DETROIT (WXYZ) - If history is a guide it will be years before we get a final answer on what caused Wednesday's devastating blast in Royal Oak.
It was more than two years ago that a furniture store in Wayne was leveled by an explosion and the Michigan Public Service Commission still has not issued its report on what caused it.
But 7 Action News Investigator Scott Lewis tracked down someone who says he knows what caused the furniture store to explode, and it didn't take him long to figure it out.
He's the fire marshal in Wayne. He says based on his years of experience he believes the deadly furniture store explosion was caused by natural gas and he's figured out exactly how it happened. But he doesn't have the final say.
It was another horrific explosion that dominated the TV airways for days. In December of 2010, Franks Furniture in Wayne was rocked by a blast that left two people dead and the store owner seriously burned.
That was more than two years ago, and we are still waiting for the Public Service Commission to give us their final word on what caused the blast.
But Wayne Fire Marshal John Adams says he knows what caused it, and it only took him a few days to reach his conclusion. Once he determined there was nothing inside the building to cause such a violent explosion, it pointed to only one thing.
"Now it really steered itself to natural gas as being the only reasonable explanation for such an explosion to occur," said Adams.
And before long, Adams also knew how the gas explosion happened.
Adams told 7 Action news there was a fence installed on the property. He says when they put the posts in the ground the downward pressure separated a natural gas line. And right next to that high pressure line was a 40 year old sewer pipe.
"Now you have that gas which is flowing excessively, at that point it has to go somewhere. And it typically will take the path of least resistance," Adams said.
Adams determined that the path of least resistance in this case was the sewer line which filled the building with explosive natural gas. Because gas is lighter than air, it rose to the top of the store and filled the building. The heating and cooling system was located on the roof.
"As it kicked on, because it was in the winter, it was December 29, 2010 it ignited the product and hence the explosion that we had," said Adams.

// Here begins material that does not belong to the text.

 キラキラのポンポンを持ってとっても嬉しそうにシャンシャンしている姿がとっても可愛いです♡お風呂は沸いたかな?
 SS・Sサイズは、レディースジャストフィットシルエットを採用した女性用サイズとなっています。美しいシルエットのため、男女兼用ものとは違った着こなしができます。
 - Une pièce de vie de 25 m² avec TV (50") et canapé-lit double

When they manufacture natural gas they put a chemical in it that smells like rotten eggs so if there's a leak you'll smell it and you can get to safety. So why didn't that happen with this furniture store in Wayne?
Adams has an explanation.
"Under unique conditions in this where it was forced into the ground, and the ground acts as a scrubber, separating that additive that was applied to the natural gas ."
But if the fire marshal figured out what caused this in a few days, why are we still waiting for the Public Service Commission's final word on the cause two years later? Adams says when lawsuits are filed, as they were in this case, the utility is not going to go with the Fire Marshall's conclusion.

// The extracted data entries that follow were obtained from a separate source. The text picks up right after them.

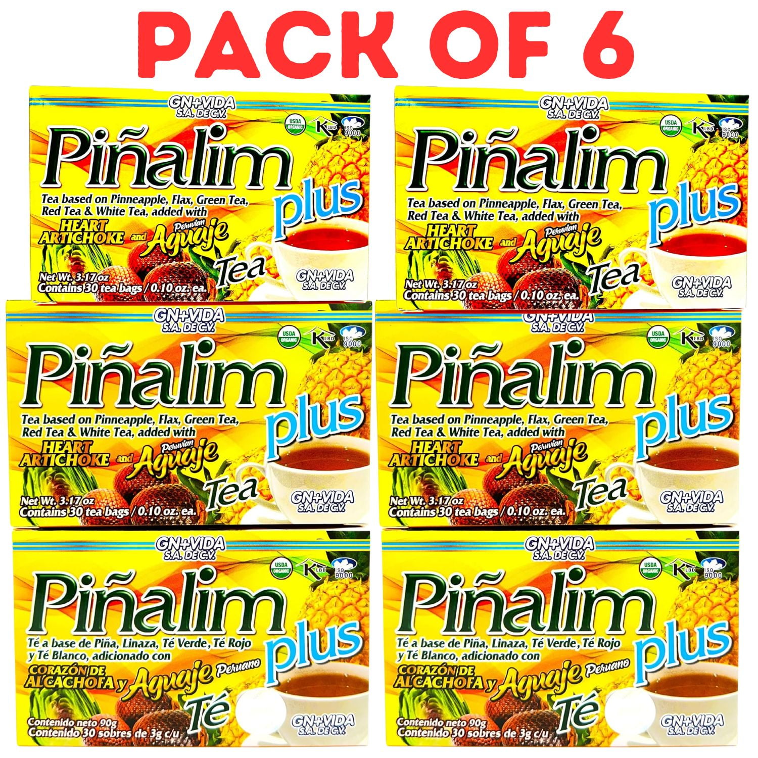 Pinalim Plus Tea Enhanced with Aguaje Peruano and Artichoke Heart la formula Alcachofa Mas Fuerte Healthy Antioxidant Formula, Caffeine Free All Natural Cleanse Digestive Tea - Pack of 6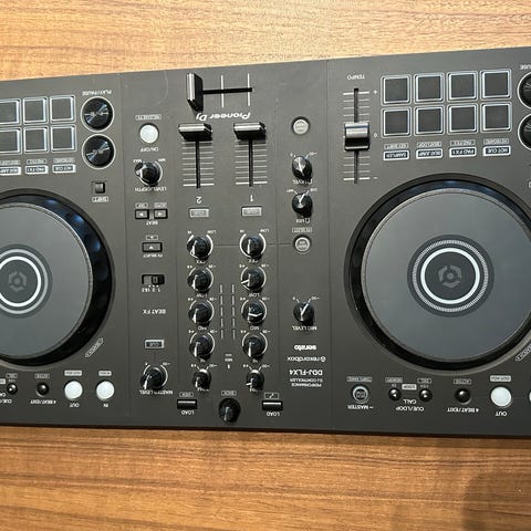 Pioneer DJ DDJ-FLX4 DJ-kontroller med to jog wheels, flere kontrollknapper og mikserelementer. Farge: svart. Passer for DJ-bruk. Nypris ca 4200,-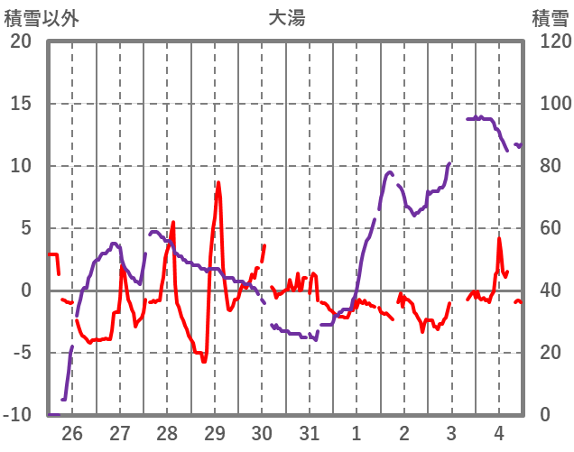 | 日 | 時 | 気温 | 降水 | 風向/風速 | 日照 | 積雪 | 降雪 |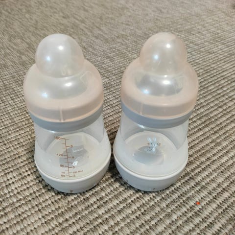 Nuk tuttipullo kokoa 150ml sinisellä tai vihreällä korkeilla 2e. Siniseen ei kantta.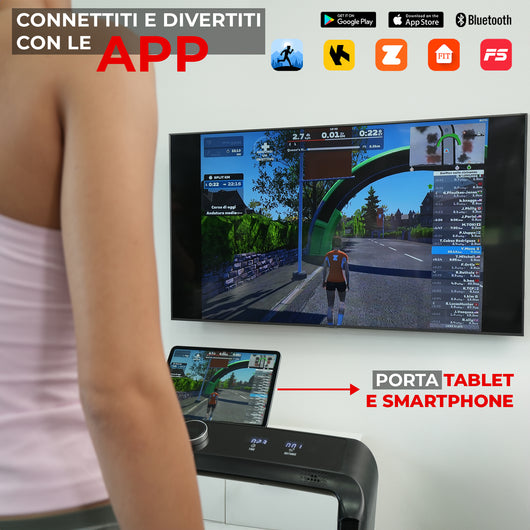 Rendi i tuoi allenamenti più stimolanti e divertenti usando le APP compatibili (ZWIFT, KINOMAP, BITGYM e FITHOME) che consentono di proiettare video e percorsi di allenamento direttamente su TV, Smartphone e Tablet. Potrai anche condividere l'allenamento con i tuoi amici, seguire allenamenti strutturati e raggiungere sempre nuovi obbiettivi. Prova anche la funzione musica motivazionale, il video coaching, la cronologia allenamento molte altre funzioni.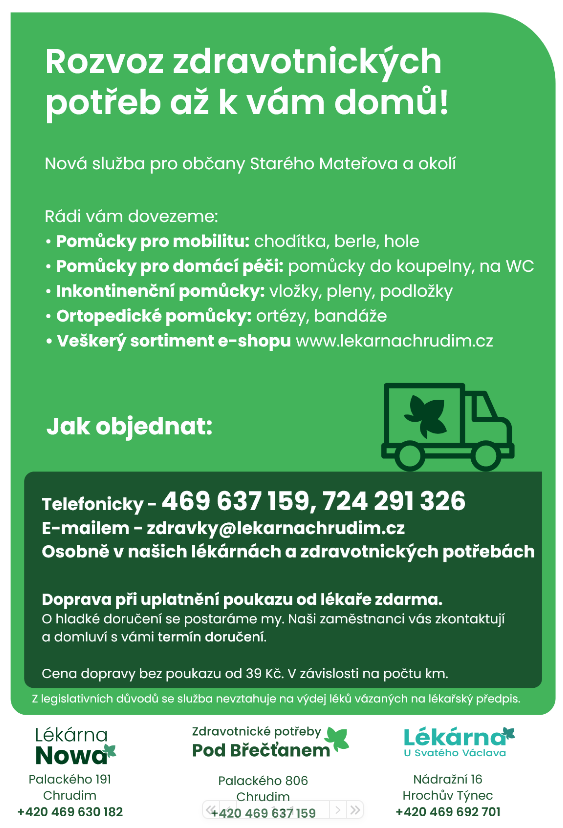 Z toho důvodu jsme se rozhodli rozšířit zóny rozvozu v rámci dlouhodobě poskytované služby, která pomáhá obyvatelům menších měst a obcí řešit právě tento problém. V rámci této služby nabízíme rozvoz nejen volně prodejných léků, ale především zdravotnických potřeb. Při uplatnění tištěného nebo elektronického poukazu od lékaře (například na inkontinenční, ortopedické či podpůrné prostředky) budou mít občané dopravu tohoto často objemného zboží zcela zdarma.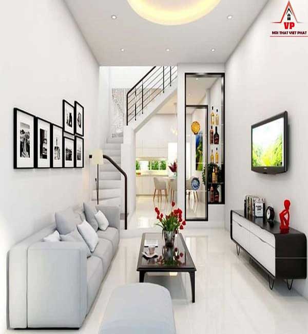 Có lẽ với căn phòng khách nhà ống tương đối hẹp về diện tích chiều rộng thì việc sở hữu một căn phòng khách như trên là hoàn toàn hợp lí. Tất cả mọi đường nét, chi tiết đều được trang trí hài hòa, cân đối. Với một bộ bàn ghế salon màu trắng vuông vức, gọn gàng kết hợp chuẩn với một bàn trà bằng thủy tinh trong suốt. Vừa đáp ứng được đầy đủ công năng vẫn còn một khoảng trống rộng, thông thoáng.

"So they don't always take that as factual opinion. They'll seek other experts to support their particular opinion on the incident," said Adams.
Attorney Jules Olsman represented store owner Paul Franks who was badly burned. Consumers Energy settled out of court, even though they never conceded that natural gas was the cause of the blast.
"They may not be saying we're responsible, but they're there to say we're not here to argue whether we're responsible we're here to deal fairly with the people, and they do. "
Olsman says he thinks we are likely to see more of these deadly explosions because our utility infrastructure is so old. He says people worry about the interplay between the utilities and the government agencies that investigate and veracity of their reports. For that reason, he says, these investigation should be more open to the public.
By the way, Consumers Energy issued their own report one year after the furniture store exploded listing three possible causes for the blast. One of them was natural gas.